In https://github.com/globalwordnet/cili/issues/16#issuecomment-1269264133, @goodmami mentioned the changes in PWN31 proposed by @fcbond. The question here seems to be. The mapping of PWN30 to PWN31 was created on top of the Princeton releases, right? Later, we may have changes (or patches) for both PWN30 and PWN31.
@arademaker, your specific examples, and more, correspond to what I find in the attached output file (en-loss.txt), produced using the Wn library from @goodmami, and the sensekey-based mapping algorithm included in the recent NLTK versions.
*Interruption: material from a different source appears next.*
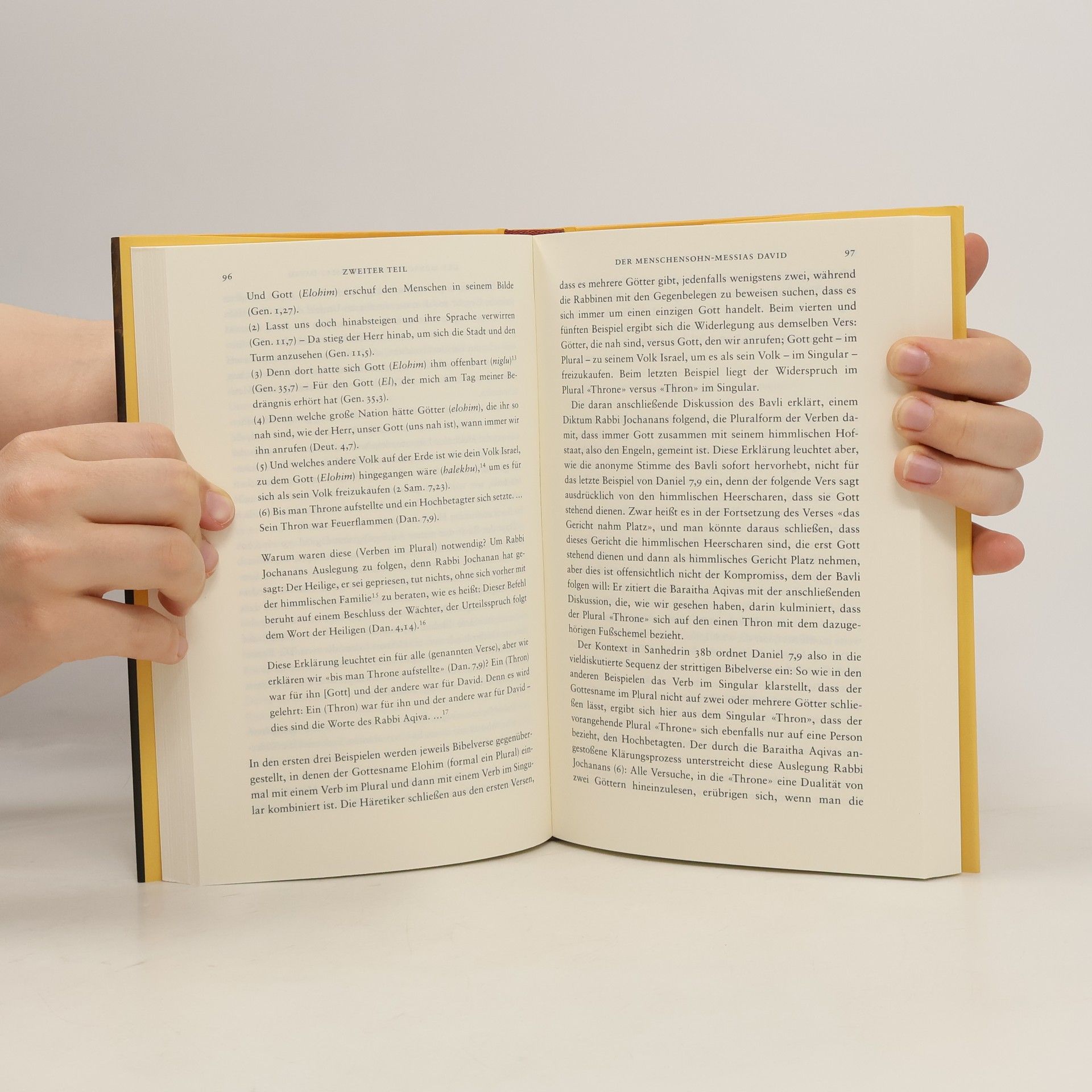 EINFÜHRUNG: EIN GOTT? ERSTER TEIL: DAS JUDENTUM DES ZWEITEN TEMPELS Der Menschensohn in der Vision Daniels Die personifi zierte Weisheit in der Weisheitsliteratur Der vergöttlichte Mensch im Selbstverherrlichungshymnus aus Qumran Der Sohn Gottes und Sohn des Höchsten im Daniel- Apokryphon aus Qumran Der Menschensohn Henoch in den Bilderreden des Äthiopischen Henochbuchs Der Menschensohn-Messias im 4. Buch Esra Der Erstgeborene im Gebet des Joseph Der Logos bei Philo von Alexandria ÜBERLEITUNG: VOM VORCHRISTLICHEN ZUM NACHCHRISTLICHEN JUDENTUM ZWEITER TEIL: DAS JUDENTUM DER RABBINEN UND DER FRÜHEN JÜDISCHEN MYSTIK Der Menschensohn im Midrasch Der Menschensohn-Messias David Babylonischer Talmud David-Apokalypse Ephrem der Syrer und Johannes Chrysostomus Vom Menschen Henoch zum Kleinen Gott Metatron Der biblische Henoch in Genesis 5 Die außerbiblische Überlieferung in den drei Henochbüchern Die Degradierung Henochs durch die Rabbinen Die Rezeption Henochs im Christentum Henoch wird Metatron Metatron und der Häretiker Elischa ben Avujah / Acher Akatriel ist Metatron und Gott Die Polemik des Talmuds gegen Metatron SCHLUSS: ZWEI GÖTTER ANHANG Abkürzungen Anmerkungen Literatur Register der Personen und Sachen Stellenverzeichnis

The attached file shows the details for the English row of the losses table in my soon forthcoming conference paper, which you saw me present last week at GWC 2023:
English 117659 117454 205 0.17 117659 117427 232 0.2
The first 4 numbers in that row concern synsets mapped vs. lost with an offset mapping, and the 4 last numbers concern the ILI mapping. The respective losses (205 with offsets vs. 232 with ILI) can be decomposed like this:
English, 143 lost with both offsets and ILI English, 89 lost only with ILI English, 62 lost only with offsets
It is great that you have already started to improve the mappings. Congratulations with that: if your proposed targets can be verified, they will bring us closer to the perfect mappings, which seemed out of reach not long ago!
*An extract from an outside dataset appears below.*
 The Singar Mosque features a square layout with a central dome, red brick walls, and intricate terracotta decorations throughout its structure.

@jmccrae, the most probable reason why a sense-based mapping misses the above cases would be that their sensekey suffered a small alteration, like f. ex. a change of lexfile or lex_id. Having two sensekeys for the same sense is not a key violation, though. A Db key violation would occur if the same key referred to distinct senses, which does not seem to be the case here. As an example, it is ok to use the same key for Pluto, and define it as either an asteroid or a planet, because it still refers to the same physical object.
Splits are a different problem. Mapping whole synsets cannot handle splits correctly, since splits concern different parts of a synset. Mapping a split synset to two target synsets produces false positives, because every involved sense would get mapped to one correct and one wrong target. Mapping a split to only a single target is still wrong, but yields fewer false positives. The only adequate treatment for splits is a mapping that handles only the concerned senses.
where is the construction of the mappings from CILI to PWN30 and PWN31 documented?